Abstract translation: 生物信息成像装置包括声波检测器107，其检测从光吸收体105产生的声波并将其转换为第一电信号; 光检测器110，其检测与通过样本110传播的光的多个传播距离相对应的光的强度，并将其转换为第二电信号; 信号处理装置111，其基于第二电信号导出样本110的平均有效衰减系数μeff，并根据第一电信号和平均有效衰减系数μeff导出样本110的光吸收系数μa; 以及基于光吸收系数μa的分布构建光吸收系数μa的分布的图像的图像构造装置111。

公开(公告)号：US20110019194A1

公开(公告)日：2011-01-27

申请号：US12805071

申请日：2010-07-12

Applicant: Andreas Müller ,  Rüdiger Frank

Inventor： Andreas Müller ,  Rüdiger Frank

IPC: G01N21/00

CPC classification number: G01N21/53 ,  G01N15/06 ,  G01N21/274 ,  G01N2015/0693 ,  G01N2201/061 ,  G01N2201/0662

Abstract: A turbidity measuring device having a four-beam, alternating light arrangement for registering turbidity of a measured medium includes first and second light sources L1, L2; and first and second receivers R1, R2. The direct measuring paths extend from light sources Li, through a measured medium, to receivers Ri, and indirect measuring paths extend from light sources Li, through the measured medium, to second receivers Rj; wherein i≠j; wherein turbidity can be ascertained as a function of a quotient A/B by means of an evaluating circuit; wherein A and B are functions at least of signals registered via the direct or indirect measuring paths; wherein at least a first monitor signal, which depends on the first light source, enters into one of the two terms A or B; wherein the light reaches the monitor from the first light source without interaction with the measured medium; and wherein the monitor signal is added to at least one of the signals registered via the measuring paths and entering into the term A or B.

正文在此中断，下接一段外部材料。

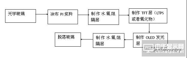 2、以聚酰亞胺為基板的軟屏,其他以超薄玻璃的軟屏未見量產(chǎn)柔性AMOLED的工藝

Abstract translation: 具有用于记录测量介质的浊度的四光束交替光布置的浊度测量装置包括第一和第二光源L1，L2; 以及第一和第二接收器R1，R2。 直接测量路径从光源Li延伸通过测量介质到接收器Ri，并且间接测量路径从光源Li延伸通过测量的介质到第二接收器Rj; 其中i≠j; 其中可以通过评估电路将浊度确定为商A / B的函数; 其中A和B至少是经由直接或间接测量路径登记的信号的功能; 其中依赖于第一光源的至少第一监视信号进入两个项A或B中的一个; 其中所述光从所述第一光源到达所述监视器，而不与所述测量介质相互作用; 并且其中所述监视信号被添加到经由所述测量路径登记的信号中的至少一个并输入到所述术语A或B.

公开(公告)号：US07796261B2

公开(公告)日：2010-09-14

申请号：US11792097

申请日：2005-12-01

Applicant: Henrik Vilstrup Juhl

Inventor： Henrik Vilstrup Juhl

IPC: G01N21/00

CPC classification number: G01N21/0303 ,  G01N21/31 ,  G01N2021/036 ,  G01N2201/066 ,  G01N2201/0662 ,  G01N2201/1293

Abstract: A spectrophotometer (2) comprising a source of radiation (6), preferably optical radiation, disposed to emit radiation at a plurality of wavelengths towards a sample in a sample holder (4) and a detection arrangement 8 for detecting the radiation after its interaction with the sample. The sample holder (4) is adapted to present a plurality of different path lengths for the emitted radiation through the sample. An arithmetic unit (10;10b) is operably connected to receive an intensity dependent output from the detection arrangement (8) and is adapted to store an intensity value of the detected emitted radiation indexed to its wavelength at two or more path lengths of the plurality of different path lengths and to calculate a value dependent on the ratio of the indexed intensity values at each of two path lengths by which an indication of the presence of a substance of interest withiA spectrophotometer (2) comprise a source of radiation (6), preferably optical radiation, disposed to emit radiation at a plurality of wavelengths towards a sample in a sample holder (4) and a detection arrangement 8 for detecting the radiation after its interaction with the sample. The sample holder (4) is adapted to present a plurality of different path lengths for the emitted radiation through the sample. An arithmetic unit (10;10b) is operably connected to receive an intensity dependent output from the detection arrangement (8) and is adapted to store an intensity value of the detected emitted radiation indexed to its wavelength at two or more path lengths of the plurality of different path lengths and to calculate a value dependent on the ratio of the indexed intensity values at each of two path lengths by which an indication of the presence of a substance of interest within the retained sample can be obtained.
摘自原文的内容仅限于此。